Horizontal scaling often needs data to be spread out between systems. This can only be done by copying data or by sharing common data stores, making the task quite challenging, especially for big deployments.

Aside from increasing the size of the platform as needed, it's important to be able to change the size of the cluster based on the actual load. In technical terms, this is called system flexibility. It should be possible to make the system larger when there is high demand, and make it smaller whenever possible to avoid unnecessary use of resources. Idle resources can be very costly, so it's very important to change the size of the system dynamically based on demand.

Dynamic scaling: the key to efficient resource use

To get the most out of the scaling capability, it has to be automated. Both horizontal and vertical scaling should react to resource requests or scaling triggers, which could be a certain number of simultaneous requests or CPU loads during a specific amount of time. This should not require a person who monitors the system and manually scales it.

Another important part of scaling is the underlying infrastructure provisioning. Most cloud and hosting providers support automatic provisioning and resource management. To effectively grow or to save money from reducing infrastructure size, the platform needs to use technologies that can make intelligent decisions about resource management.

The power of automation

Why is automation so important? It can be tested, it can be repeated many times, and it can be measured, improved, and versioned. With automation we can eliminate human errors and, most importantly, it's fast. Time needed to scale, especially when there is high demand, is very important for systems. Optimized containers and serverless functions need milliseconds to start additional instances. If the service stores its own data, this should happen in seconds.

However, when increasing the size across different regions, where you need to copy data between geographic locations, it can be difficult without fast networking between clusters. Multi-regional deployments become even more complicated for monolithic applications, which is why the platform should be designed to handle growth using distributed, lightweight services.

Linear scalability

Another thing to consider is how linear your scaling is. If you duplicate processors and memory, your application's performance should ideally double. The same should apply for horizontal scaling. If you double the number of nodes, the performance of your entire platform layer should also double. Is linear scaling possible to achieve? Yes, but it requires the elimination of all system bottlenecks. If even one system element doesn't scale linearly, the entire system will lack this characteristic. The bottlenecks could be for example:

  • single application node responsible for content replication, like an authoring node distributing the content to publishers

  • system integration, where data is loaded and processed on one machine

  • shared resource such as a database or file system storing the data available to all nodes

Modern platforms offer the possibility of creating systems without these bottlenecks. The widespread adoption of cloud-based systems has been a major contributor to this improvement. If the underlying infrastructure is no longer a limitation, the platforms running on the cloud should not have those limitations either.

Fault tolerance

Fault tolerance is another key factor. In a platform that is both vertically and horizontally auto-scalable, the system should automatically detect errors and respond to them. If nodes break, they should be removed and recreated, and persistent data should be redundant. Even if an entire data center goes offline, the system should continue to operate in the remaining availability zones or regions.

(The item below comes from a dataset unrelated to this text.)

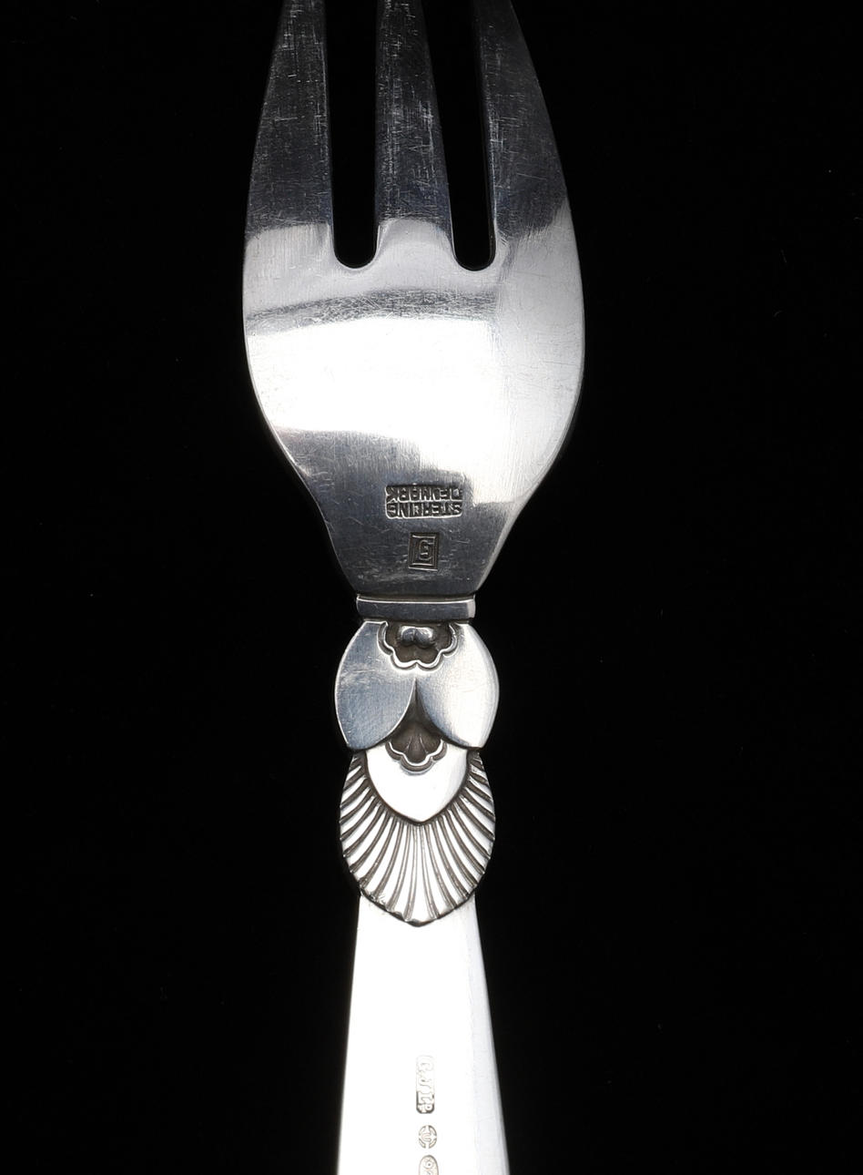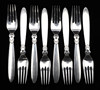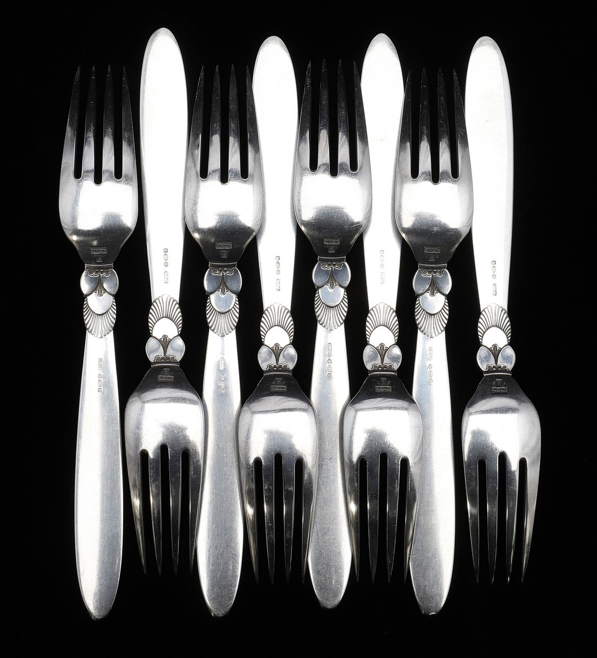8 three pronged fish forks, maker’s marks, 6 with import marks for London 1931, 2 for 1935, 16cm,

Scalability limitations of traditional DXPs

So, how well do traditional DXPs handle scalability? Usually, the authoring layer can only be scaled vertically. It's therefore common to increase the machine size, or assign more resources over time. The underlying reason for this is the monolithic architecture with a single transactional database, which is hard to replicate and still supports data consistency. Some vendors allow the scaling up of author nodes by creating a cluster with a shared data store, but this requires advanced administration and operational skills.

The publishing layer can be scaled both horizontally and vertically, as each publishing node usually contains its own data store. Content is replicated from the author to publish nodes using a push model, and publishers don’t know about the existence of the author node. User Generated Content (UGC) is replicated between publishers via reverse replication (from one publish node to the author), followed by forward replication (from the author to all publishers). In some variants of this, publishers can synchronize the content directly between themselves. 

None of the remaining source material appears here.